**Problem to solve**
Only the pictures are to be dropped, and the rest of the data should be copied exactly.

**Exercise materials**
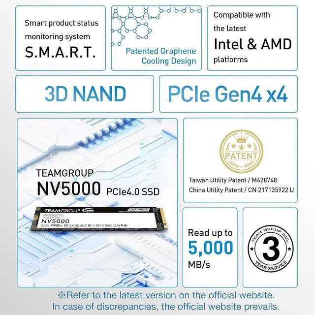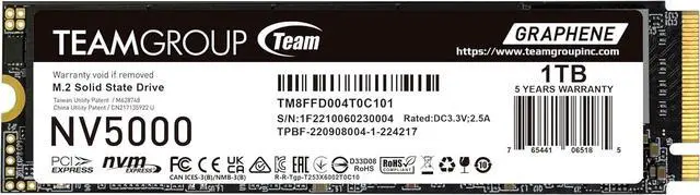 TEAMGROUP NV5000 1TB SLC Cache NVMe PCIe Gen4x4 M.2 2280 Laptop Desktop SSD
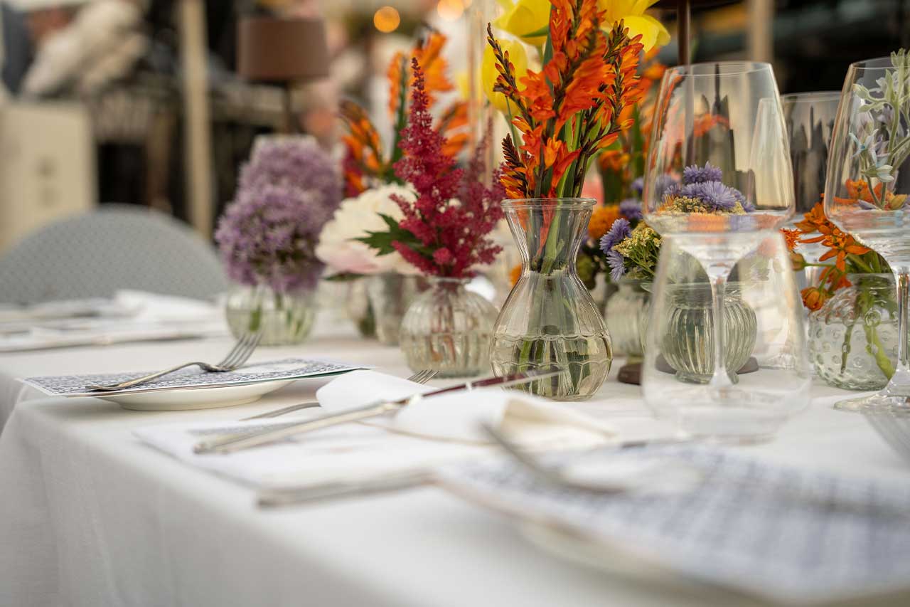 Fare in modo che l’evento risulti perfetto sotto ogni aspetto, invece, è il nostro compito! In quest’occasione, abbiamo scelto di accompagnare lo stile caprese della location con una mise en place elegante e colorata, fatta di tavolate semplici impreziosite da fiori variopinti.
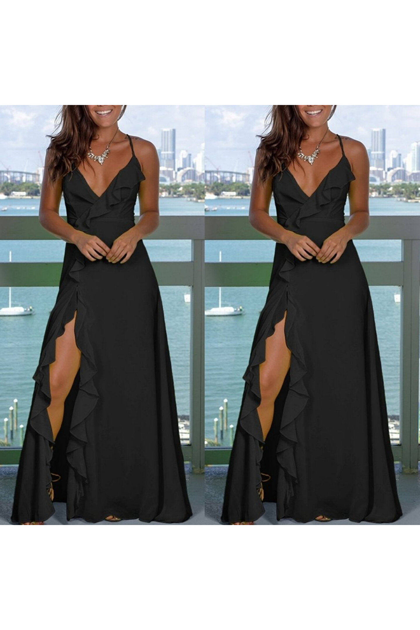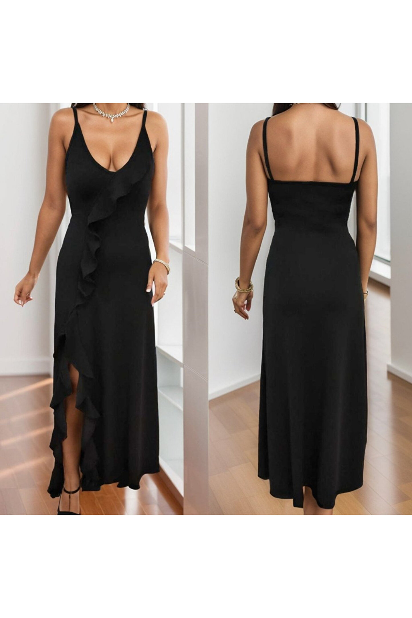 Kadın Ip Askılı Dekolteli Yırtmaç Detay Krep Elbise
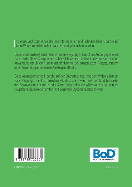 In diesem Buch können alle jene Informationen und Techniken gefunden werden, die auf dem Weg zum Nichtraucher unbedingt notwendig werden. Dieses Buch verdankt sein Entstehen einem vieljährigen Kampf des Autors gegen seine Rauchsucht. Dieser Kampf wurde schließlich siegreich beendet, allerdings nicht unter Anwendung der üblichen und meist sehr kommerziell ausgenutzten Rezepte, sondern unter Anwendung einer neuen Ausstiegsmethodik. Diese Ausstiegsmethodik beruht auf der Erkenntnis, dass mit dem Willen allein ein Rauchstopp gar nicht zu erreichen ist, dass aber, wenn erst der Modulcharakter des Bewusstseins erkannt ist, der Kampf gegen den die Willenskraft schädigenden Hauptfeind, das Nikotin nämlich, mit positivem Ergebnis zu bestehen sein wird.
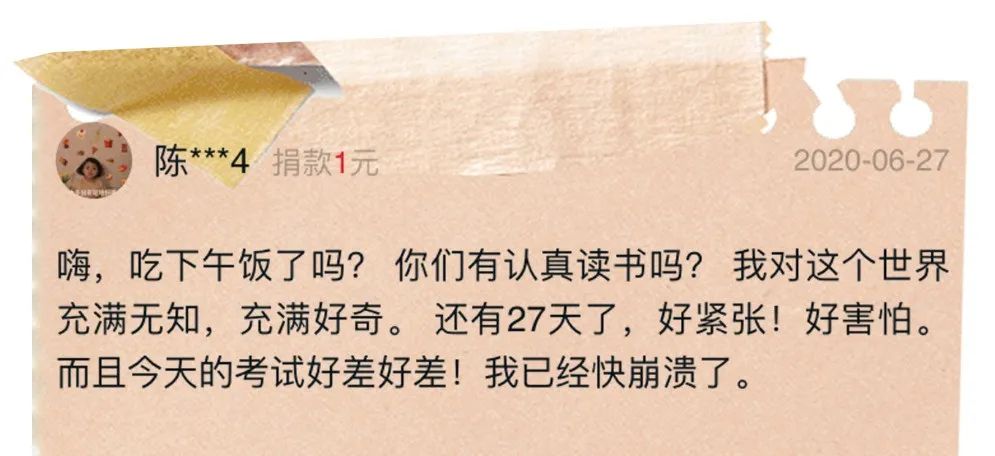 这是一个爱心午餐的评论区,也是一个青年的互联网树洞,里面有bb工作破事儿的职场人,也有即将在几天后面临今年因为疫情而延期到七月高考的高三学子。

**The answer**
 TEAMGROUP NV5000 1TB SLC Cache NVMe PCIe Gen4x4 M.2 2280 Laptop Desktop SSD
 Fare in modo che l’evento risulti perfetto sotto ogni aspetto, invece, è il nostro compito! In quest’occasione, abbiamo scelto di accompagnare lo stile caprese della location con una mise en place elegante e colorata, fatta di tavolate semplici impreziosite da fiori variopinti.
 Kadın Ip Askılı Dekolteli Yırtmaç Detay Krep Elbise
 In diesem Buch können alle jene Informationen und Techniken gefunden werden, die auf dem Weg zum Nichtraucher unbedingt notwendig werden. Dieses Buch verdankt sein Entstehen einem vieljährigen Kampf des Autors gegen seine Rauchsucht. Dieser Kampf wurde schließlich siegreich beendet, allerdings nicht unter Anwendung der üblichen und meist sehr kommerziell ausgenutzten Rezepte, sondern unter Anwendung einer neuen Ausstiegsmethodik. Diese Ausstiegsmethodik beruht auf der Erkenntnis, dass mit dem Willen allein ein Rauchstopp gar nicht zu erreichen ist, dass aber, wenn erst der Modulcharakter des Bewusstseins erkannt ist, der Kampf gegen den die Willenskraft schädigenden Hauptfeind, das Nikotin nämlich, mit positivem Ergebnis zu bestehen sein wird.
 这是一个爱心午餐的评论区,也是一个青年的互联网树洞,里面有bb工作破事儿的职场人,也有即将在几天后面临今年因为疫情而延期到七月高考的高三学子。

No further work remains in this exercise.